Now, Jensen is preparing for a deep and long economic recession that he believes will hit corporate profits and stocks harder than the markets expect, presenting monetary policymakers in the US and across the world with difficult decisions ahead. He doesn’t anticipate stocks bottoming out for at least another six months.

“We are expecting a much bigger recession than the markets are expecting,” said Jensen, adding stocks are likely to drop at least another 20%. “You might go way past that, but I think it would be about another 20% to get to equilibrium levels given where real interest rates are and where growth in earnings are likely to net out.”


Greg Jensen moved around a lot as a kid. He didn’t like it. Born in Queens, Jensen cycled through places like Long Island and Toronto, before landing in the upstate New York town of Niskayuna. Jensen’s father worked for Irving Trust Bank until he left after a corporate merger and ended up working at an environmental data company.

A bit socially awkward, Jensen loved sports, but he did not excel on the playing field. Instead, he gravitated toward games that combine math and probabilities, like poker and Stat-O-Matic Baseball, in which player cards and dice are used to simulate ball games. After several months in a new town, he would find friends who shared his interests.

At Dartmouth College, Jensen studied math and economics, and became president of his fraternity. A former fraternity member who graduated years earlier had started working for an obscure hedge fund firm then based in Wilton, Ct., and decided he wanted to recruit someone from his old stomping grounds. As a result, Jensen ended up with an internship at Bridgewater Associates. Once he got there, Jensen knew he had found his people.

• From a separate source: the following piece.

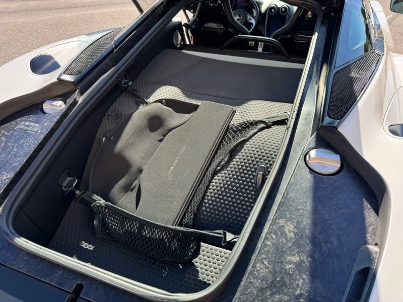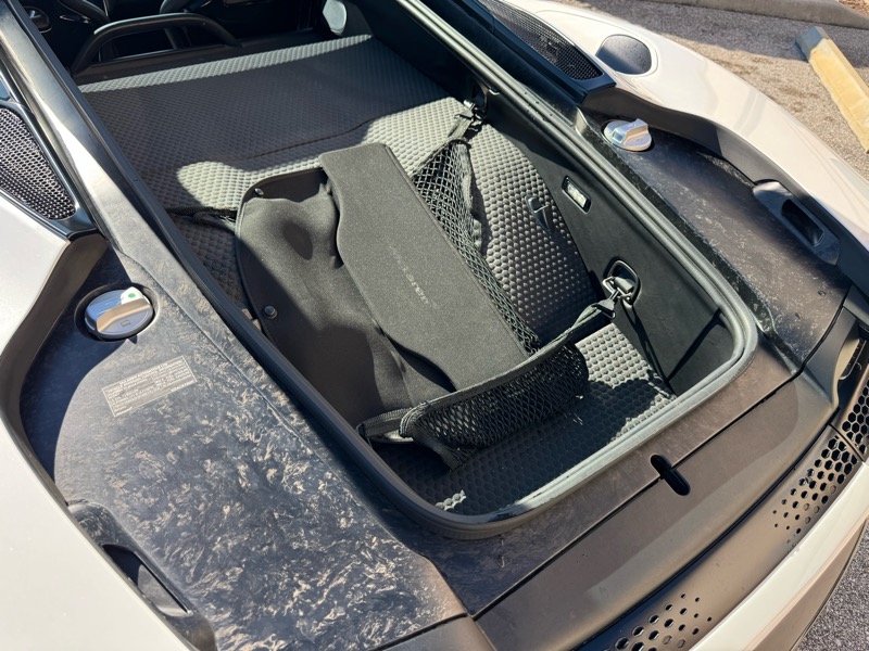 The two-seater is an evolution of the discontinued 570GT, the more civil version of the 570S which was new in 2016. The GT is longer, more powerful, and reimagined to compete with larger, heavier Grand Touring exotics like the Bentley Continental GT and Aston Martin DB11. To that end, visibility is good despite the raked rear glass and low stance. The rear cargo shelf holds an astonishing 15 cubic feet, in addition to the front trunk's five. That's impressive for a car with swing-up doors and the capability to reach 60 mph in under three seconds. Trunk space is optimized with McLaren's fitted luggage, but do beware of how hot it gets. The cargo, after all, sits above the engine.
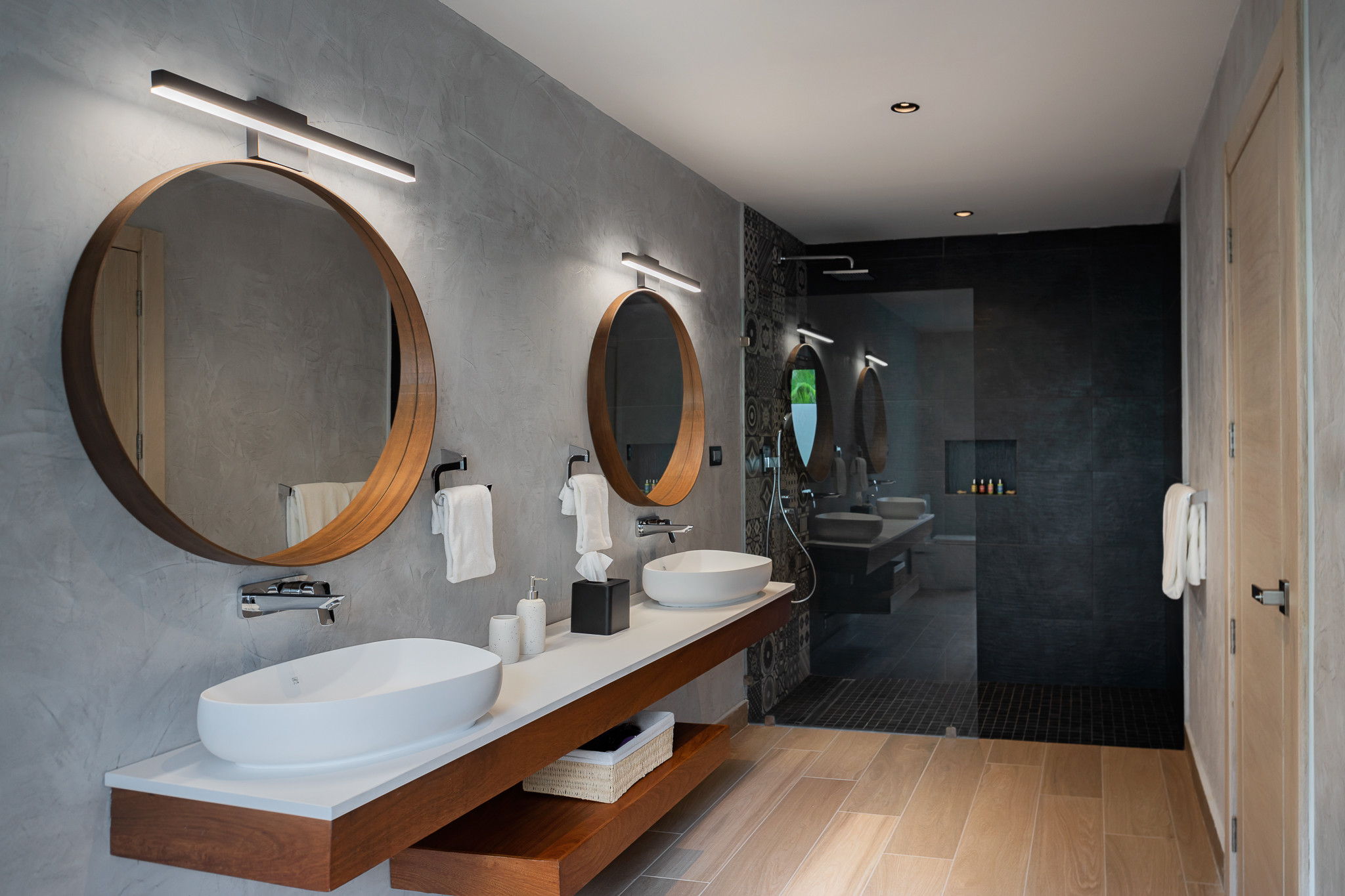 Los espacios interiores se caracterizan por techos altos, líneas limpias, mobiliario contemporáneo y luz natural en abundancia. El diseño general combina elegancia moderna con funcionalidad, pensado tanto para el descanso como para el entretenimiento.

Ray Dalio had founded Bridgewater as a research and consulting organization with a Daily Observations newsletter that developed a strong following. Dalio pivoted toward money management after the World Bank gave him a $5 million account in 1985, focusing on macro investing and betting on large economic themes that cut across fiscal and monetary policies of governments. Ten years later, in 1995, when Jensen showed up to intern on Bridgewater’s trading floor, the place was still a small shop with 45 employees. To some, Dalio’s ideas about cultivating a workplace with brutal honesty and meritocracy could seem harsh, but Jensen loved the culture Dalio was building with Prince and found it cool to try to understand how currency or bond markets worked and translate those insights into trading algorithms.

“Even as an intern, Ray and Bob would listen to my ideas and think about whether I was right or not,” recalls Jensen. “I thought this is the mix. To take a place that cares about something interesting, that’s trying to have a discipline about it, and is really open to different points of view.”

Jensen returned after college and rode shotgun on the spectacular Bridgewater rocket ship. He focused on currency research, then ran the whole research department, and within a decade became a co-chief investment officer. He soon added the co-CEO title. These were go-go days at Bridgewater. The firm deftly navigated the internet bust as its main hedge fund scored big returns between 2001 and 2004. At the time, Dalio made the decision to go big and transform Bridgewater into as large an operation as he could make it. The firm was perfectly positioned for the 2008 financial crisis, when Bridgewater’s main hedge fund returned 9.5% while the markets crashed. Bridgewater also had successful years coming out of the crisis in 2011 and 2012. Investor cash flooded in and Bridgewater became the biggest hedge fund firm on the planet.

“We had three partners. There was a trio of three chief investment officers who each thought differently in their own way and could work great as a trio,” Dalio said of himself, Jensen and Prince. “We all brought different strengths and weaknesses … No one person can do it alone and any firm that is dependent on one person doing it is in trouble.”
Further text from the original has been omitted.